* _Supplied data_:
..............................
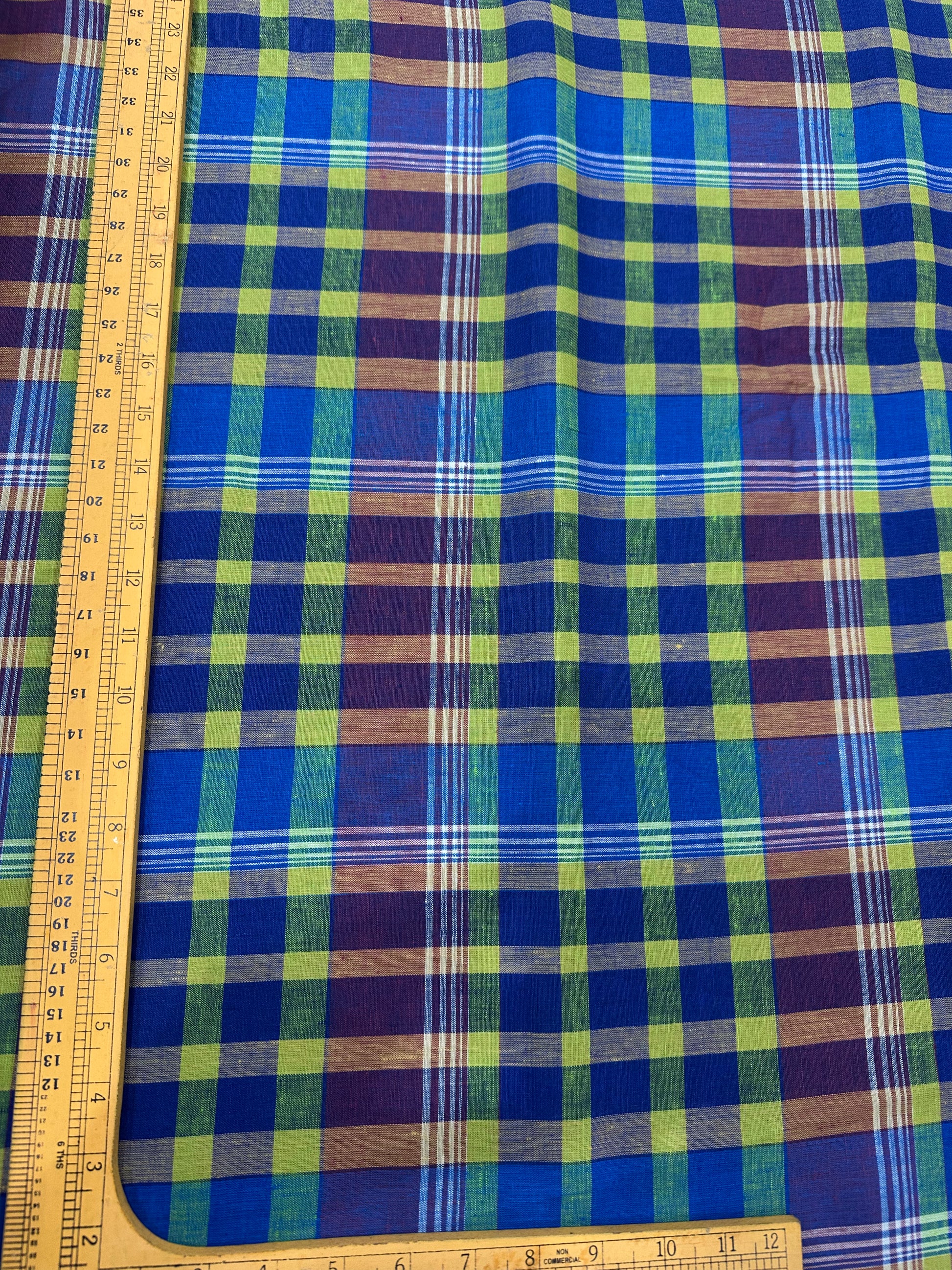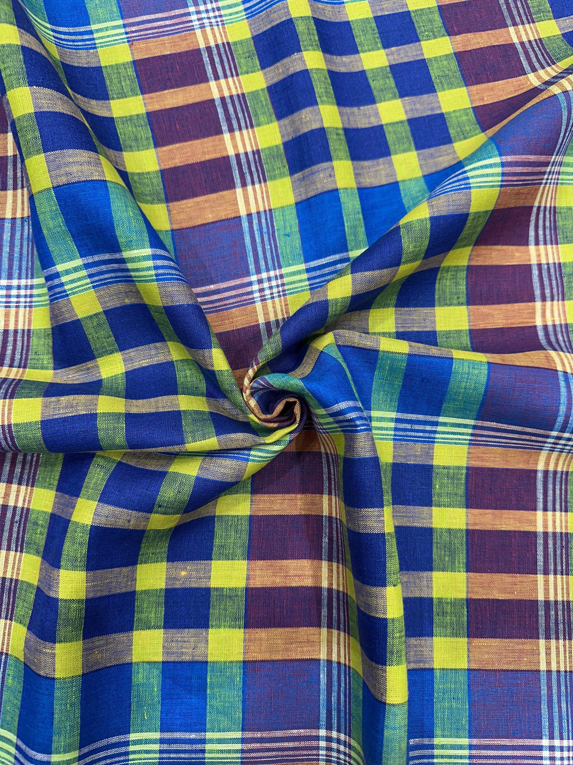 100% शुद्ध लिनन चेक फ़ैब्रिक - बहुरंगी नीला, हरा और भूरा चेक
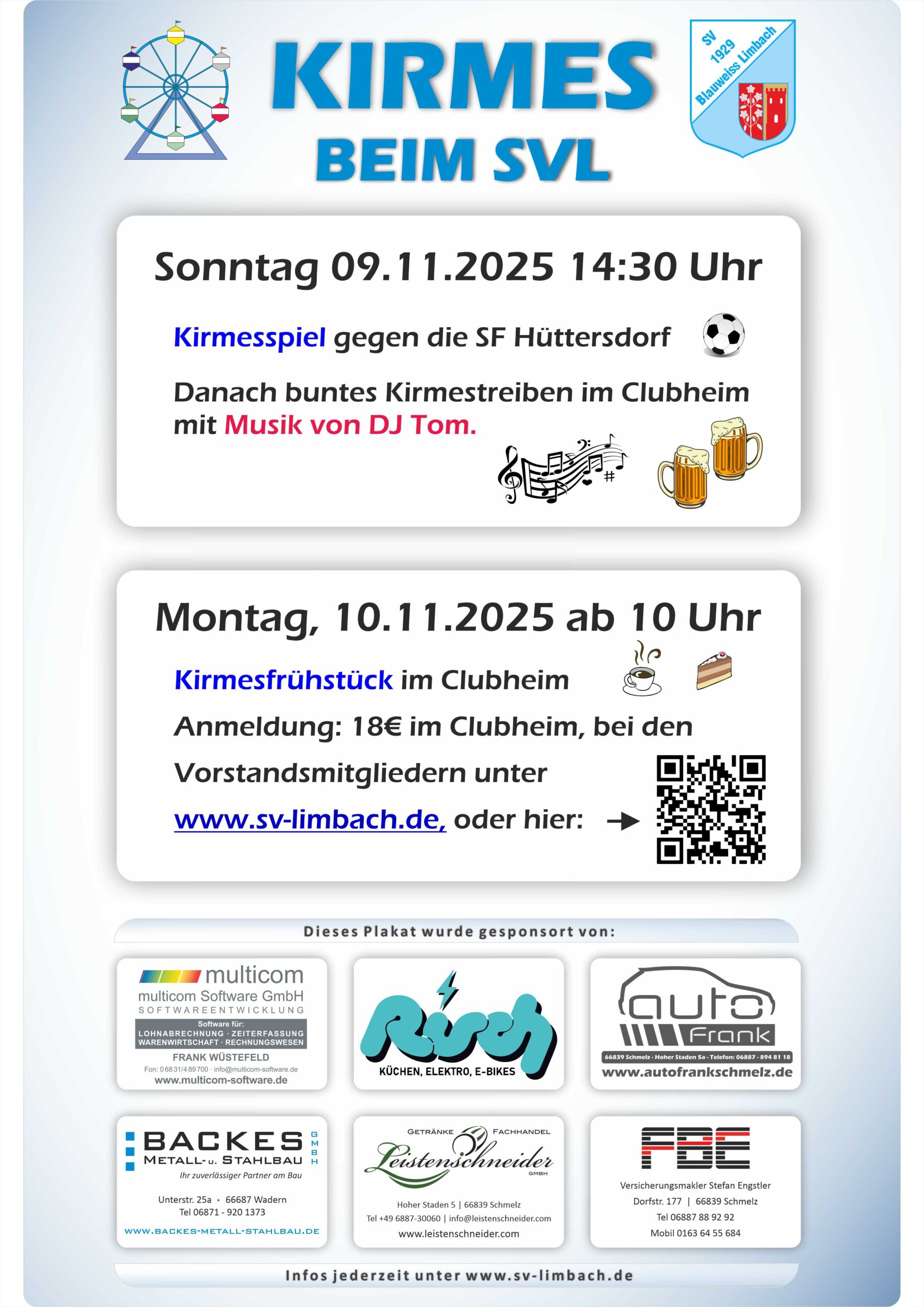 Das sollte dann ebenfalls bis zum 05.11.2025 erfolgen. Wir bestätigen die Anmeldung mit einer eMail bzw. einer Handynachricht.Solltet Ihr wider Erwarten nichts bekommen dann sendet uns eine eMail an info ätt sv-limbach.de
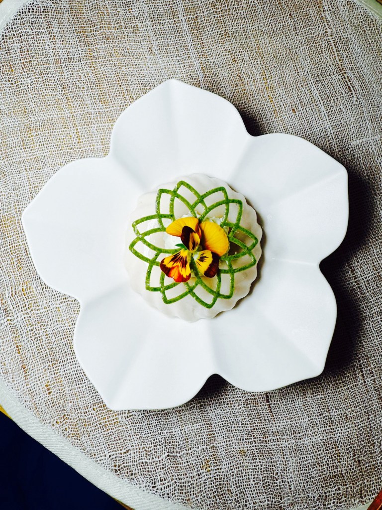 Omija means five flavors – sweet, sour, salty, bitter and pungent. Break into the pudding with a spoon and discover peach compote & gwahaju, with basil cream and tuile on top with a flower. Basil and peach is one of Chef’s favorite pairings. I do like sweet endings with some tangy-ness to it instead of just sweet, sweet, sweet.
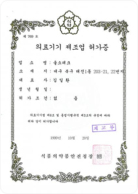 의료기기 제조업 허가증
..............................
* _Task directions_:
Leaving the pictures behind, return every line above exactly.

* _Task response_:
 100% शुद्ध लिनन चेक फ़ैब्रिक - बहुरंगी नीला, हरा और भूरा चेक
 Das sollte dann ebenfalls bis zum 05.11.2025 erfolgen. Wir bestätigen die Anmeldung mit einer eMail bzw. einer Handynachricht.Solltet Ihr wider Erwarten nichts bekommen dann sendet uns eine eMail an info ätt sv-limbach.de
 Omija means five flavors – sweet, sour, salty, bitter and pungent. Break into the pudding with a spoon and discover peach compote & gwahaju, with basil cream and tuile on top with a flower. Basil and peach is one of Chef’s favorite pairings. I do like sweet endings with some tangy-ness to it instead of just sweet, sweet, sweet.
 의료기기 제조업 허가증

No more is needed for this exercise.